* _Given entries_
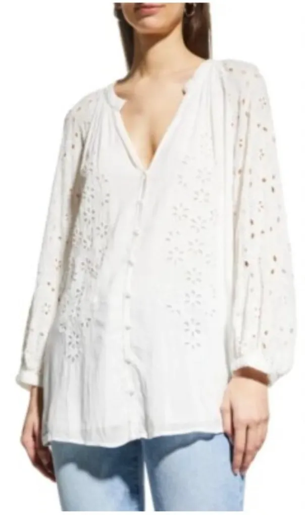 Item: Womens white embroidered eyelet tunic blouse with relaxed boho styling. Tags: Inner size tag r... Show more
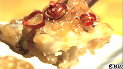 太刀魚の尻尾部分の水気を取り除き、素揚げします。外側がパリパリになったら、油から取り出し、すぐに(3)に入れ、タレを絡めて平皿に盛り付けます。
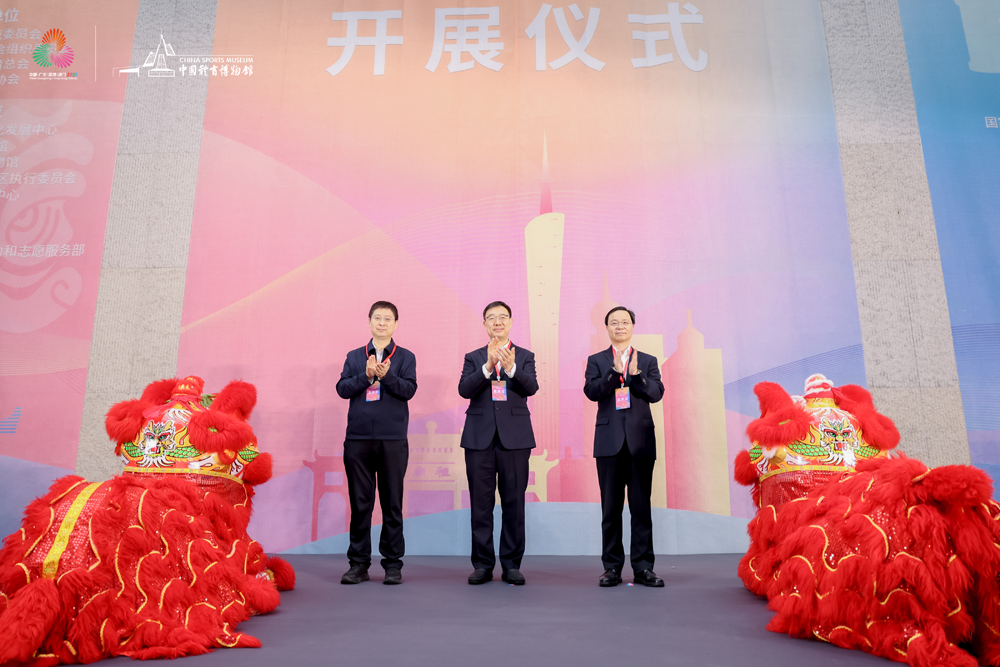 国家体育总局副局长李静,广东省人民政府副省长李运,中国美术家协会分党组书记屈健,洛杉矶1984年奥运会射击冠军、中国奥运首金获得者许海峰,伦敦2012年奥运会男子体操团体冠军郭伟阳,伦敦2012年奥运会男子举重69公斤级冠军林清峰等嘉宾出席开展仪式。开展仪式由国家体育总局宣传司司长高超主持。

---

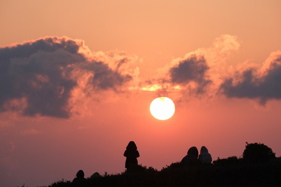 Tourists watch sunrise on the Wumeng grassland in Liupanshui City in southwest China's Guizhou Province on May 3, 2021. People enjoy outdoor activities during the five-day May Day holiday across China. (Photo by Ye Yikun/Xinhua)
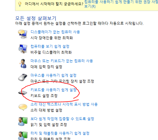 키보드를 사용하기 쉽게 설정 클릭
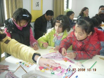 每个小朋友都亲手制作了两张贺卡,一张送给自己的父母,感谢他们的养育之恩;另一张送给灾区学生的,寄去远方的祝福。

* _Exercise details_
Nothing but the lines from the one with "Item: Womens white" to the one with "国家体育总局副局长李静,广东" above, both included, should be transcribed, exactly and without pictures.

* _Response area_
 Item: Womens white embroidered eyelet tunic blouse with relaxed boho styling. Tags: Inner size tag r... Show more
 太刀魚の尻尾部分の水気を取り除き、素揚げします。外側がパリパリになったら、油から取り出し、すぐに(3)に入れ、タレを絡めて平皿に盛り付けます。
 国家体育总局副局长李静,广东省人民政府副省长李运,中国美术家协会分党组书记屈健,洛杉矶1984年奥运会射击冠军、中国奥运首金获得者许海峰,伦敦2012年奥运会男子体操团体冠军郭伟阳,伦敦2012年奥运会男子举重69公斤级冠军林清峰等嘉宾出席开展仪式。开展仪式由国家体育总局宣传司司长高超主持。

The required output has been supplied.